:: TASK DATA
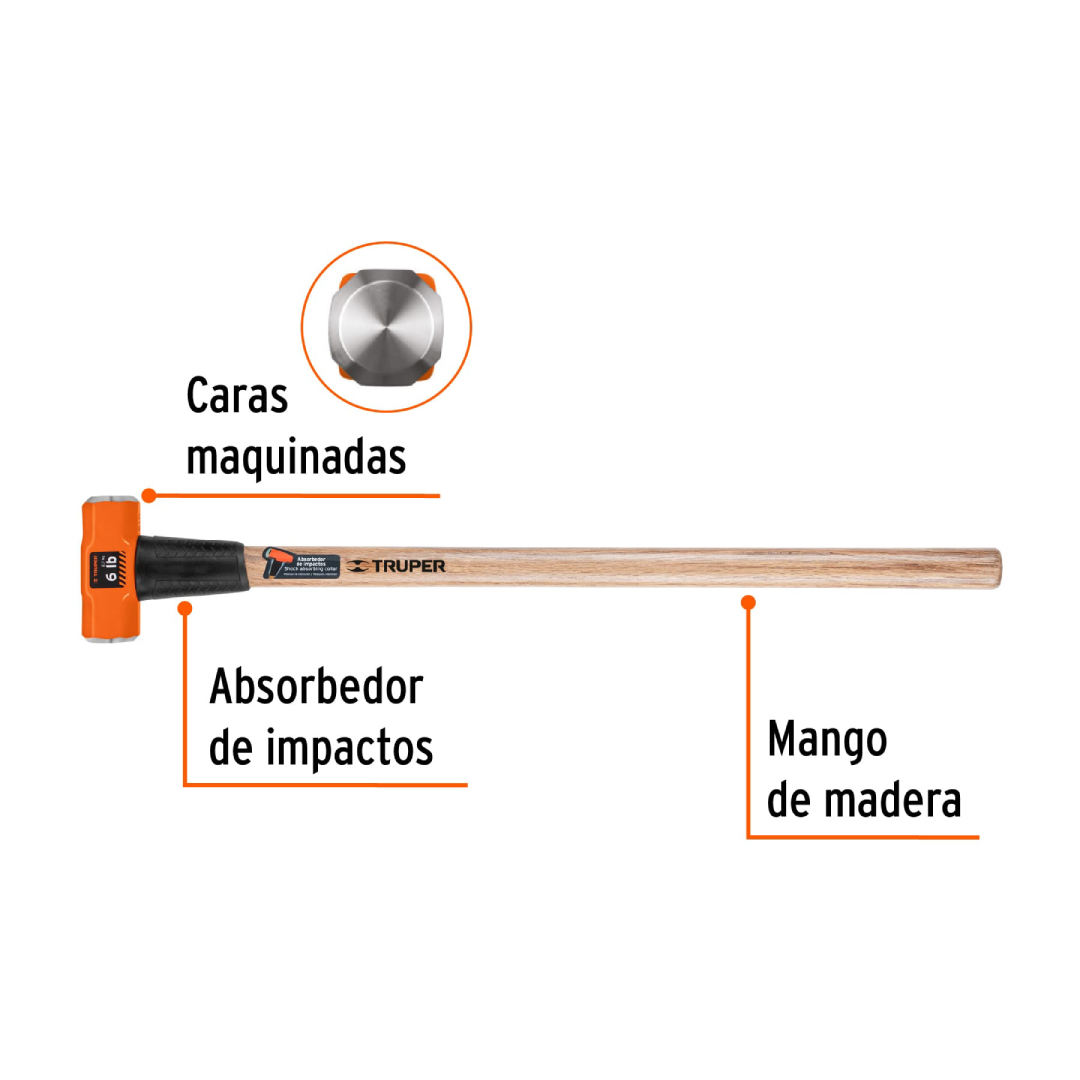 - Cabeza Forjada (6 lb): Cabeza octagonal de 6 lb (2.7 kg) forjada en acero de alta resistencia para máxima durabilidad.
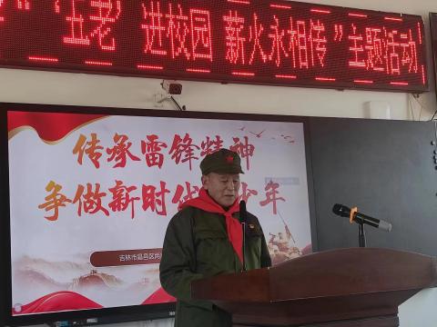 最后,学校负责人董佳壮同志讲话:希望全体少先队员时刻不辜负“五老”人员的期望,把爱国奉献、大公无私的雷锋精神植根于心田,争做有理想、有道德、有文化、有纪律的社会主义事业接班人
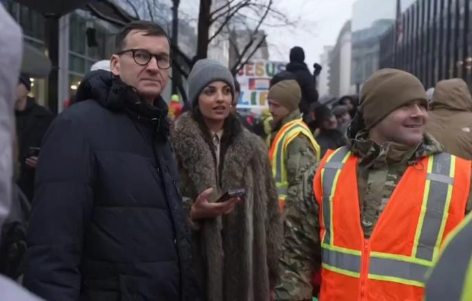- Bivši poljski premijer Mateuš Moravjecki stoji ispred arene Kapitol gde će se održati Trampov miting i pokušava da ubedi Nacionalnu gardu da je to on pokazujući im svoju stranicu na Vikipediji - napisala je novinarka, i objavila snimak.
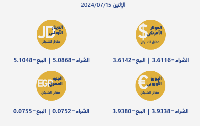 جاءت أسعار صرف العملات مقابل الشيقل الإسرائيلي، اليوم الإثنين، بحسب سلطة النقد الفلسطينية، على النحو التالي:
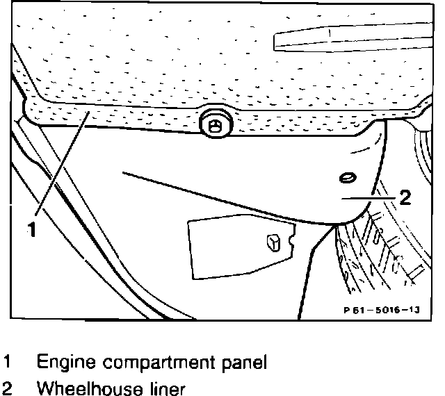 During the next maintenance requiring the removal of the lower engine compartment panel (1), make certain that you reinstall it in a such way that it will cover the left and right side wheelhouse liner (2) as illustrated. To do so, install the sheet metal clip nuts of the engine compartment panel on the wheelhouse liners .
::::
Pictures aside, transcribe exactly the lines from the line containing "جاءت أسعار صرف" through the final line of the material above.

 جاءت أسعار صرف العملات مقابل الشيقل الإسرائيلي، اليوم الإثنين، بحسب سلطة النقد الفلسطينية، على النحو التالي:
 During the next maintenance requiring the removal of the lower engine compartment panel (1), make certain that you reinstall it in a such way that it will cover the left and right side wheelhouse liner (2) as illustrated. To do so, install the sheet metal clip nuts of the engine compartment panel on the wheelhouse liners .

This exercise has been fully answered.